Yes, you remember. Instead of allowing Erick Aybar to swing away, as Hunter had hoped, Mike Scioscia called for a suicide squeeze play. Aybar failed to lay down a bunt, Willits got tagged out, all available energy was sucked from Hunter's team, and the Red Sox quickly won the game and the series with a run of their own. In short, this was the mother of all backfires.
"I don't even think they were trying to pitch to [Aybar]," Hunter said, so plaintively I imagined him staring hard at the floor and shaking his head in disbelief. "It was just five terrible minutes . . . the worst five minutes of my life."
Five minutes that sent Hunter into a tailspin from which he says he is just now emerging. I'd called to get his thoughts on that series, on the Angels' future, on what it's like to watch the playoffs and the World Series unfold after having been a linchpin on a team that won more games than any other during the regular season (100), only to get tossed from the big dance straight away.
"I am depressed, I'm ticked, I'm upset, my stomach hurts, yeah, all of that," Hunter noted, without much prompting.
He said he has watched the remaining playoff and World Series games from a suede sofa in his Dallas-area home. (For the record, he's rooting for Tampa Bay but will not be too distressed if Philly wins because Jimmy Rollins is a friend.) Often, he's found himself screaming at the TV in pure frustration. "It plays out in the back of your head all the time: 'Why am I not in the World Series? Why?' The season we had, we should have been there. But the way we played in the first round, we didn't deserve it."
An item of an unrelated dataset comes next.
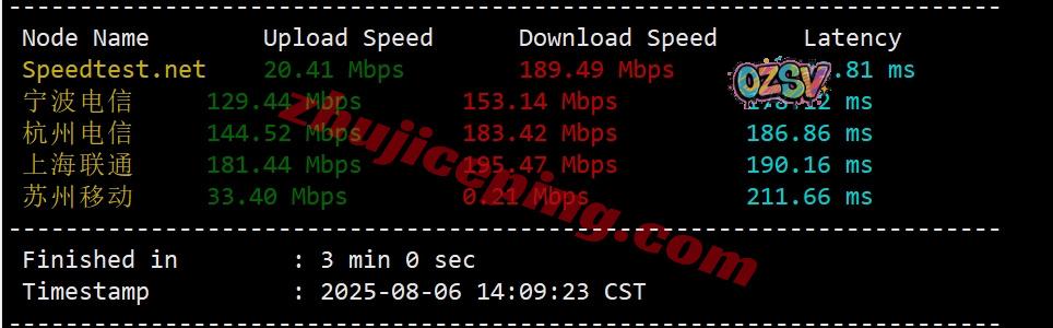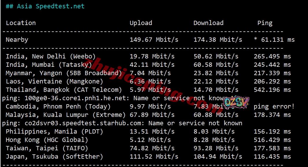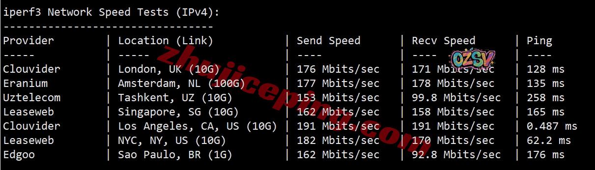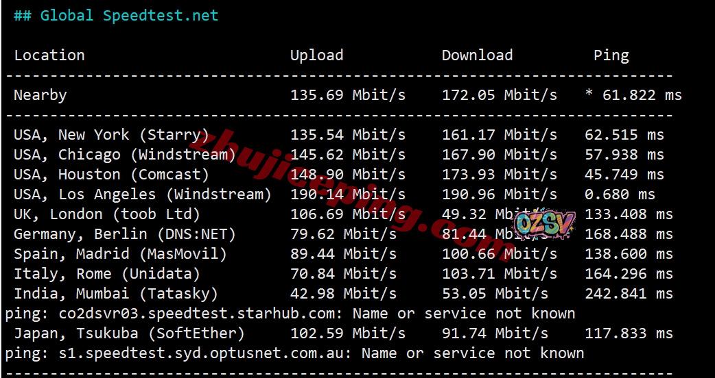 SpeedTest.Net的部分国际节点的带宽上下行测试数据:

I burrowed in on the question still haunting Angels fans: Scioscia's decision to squeeze. There are many who agree that Aybar should have been allowed to hit. But bunting in tight moments, isn't that the way your team played all year, dink-and-dunk, drip-and-drop, popgun hits and speed?
"No, no," came a quick reply. "People say that, but that's not how we played all year. You rarely squeeze. But in the regular season when you do squeeze you can do it because you've always got tomorrow. . . . If you lose you have tomorrow to make up for it. In the playoffs it is different. Totally different."
(Note: Hunter made sure to add that he wasn't saying this to harpoon Aybar or Scioscia, "In the end, that is just my opinion. I'm not mad at anybody on my team. We have to do what Mike says and if my manager says to squeeze I have to go by what he says. We have to execute. It just didn't work out.")
We continued. The normally effervescent outfielder searched for answers. He strongly disagreed with my notion that the Angels peaked too early, clinched a playoff spot too soon and got soft.
"The regular season has nothing to do with the postseason," he said. "They are two different entities. The playoffs come and the other team looks at the big hitters and they say, 'No way, I am not going to let this guy do things he did to us all year.' No good pitches come your way, guys start to chase out of the zone and try to be a hero. I think that happened to us a little bit."
True enough. You watched them at bat during those four games and, save for a few moments, you wondered if those were impostors out there in Angels red, a team of uptight, stiff-knuckled duffers.
At least Hunter cannot be faulted for failing to come through.
He didn't hit for power -- a demerit because he was brought on board, in part, to bring it -- but he hit well: a .389 average and five RBIs. (Moreover, Hunter was clutch, for example the two-out, two-run, eighth-inning hit that tied Game 4, leaving him at first base beating his chest, certain his team was about to bring the series back home.)
"What happened after that hit, the way things worked out, well, I just wish we could do it over, just wish. But it's over, you know? And, uh, now I guess we have to turn the page."
The 33-year-old Hunter thinks the Angels can be better next year. He wants to see them bring back slugger Mark Teixeira. If Teixeira isn't back, Hunter hopes they'll make a serious run at pitching ace CC Sabathia.
Though he quickly became a clubhouse leader in his first year as an Angel, Hunter says he actually tempered his approach because he was a newbie. Next season, he vowed there will be change.
"I am going to start right in spring training making sure the guys know that this year we are going to kick some [posterior]. . . . We are going to put it in everyone's heads that in the playoffs next year it is going to be different. Don't start worrying about the pressures of everyone saying we can't win the big ones or the Red Sox dominating you. Right away, I am going to try to [instill] that."
Hopefully, Hunter's extra punch of leadership will do some good.
We'll know it if the playoffs come, a five-minute window opens, and the Angels walk through before the window slams.
We'll know it if we're watching Hunter during next year's World Series instead of hearing about him watching others, home on his sofa, a knot of frustration in his gut.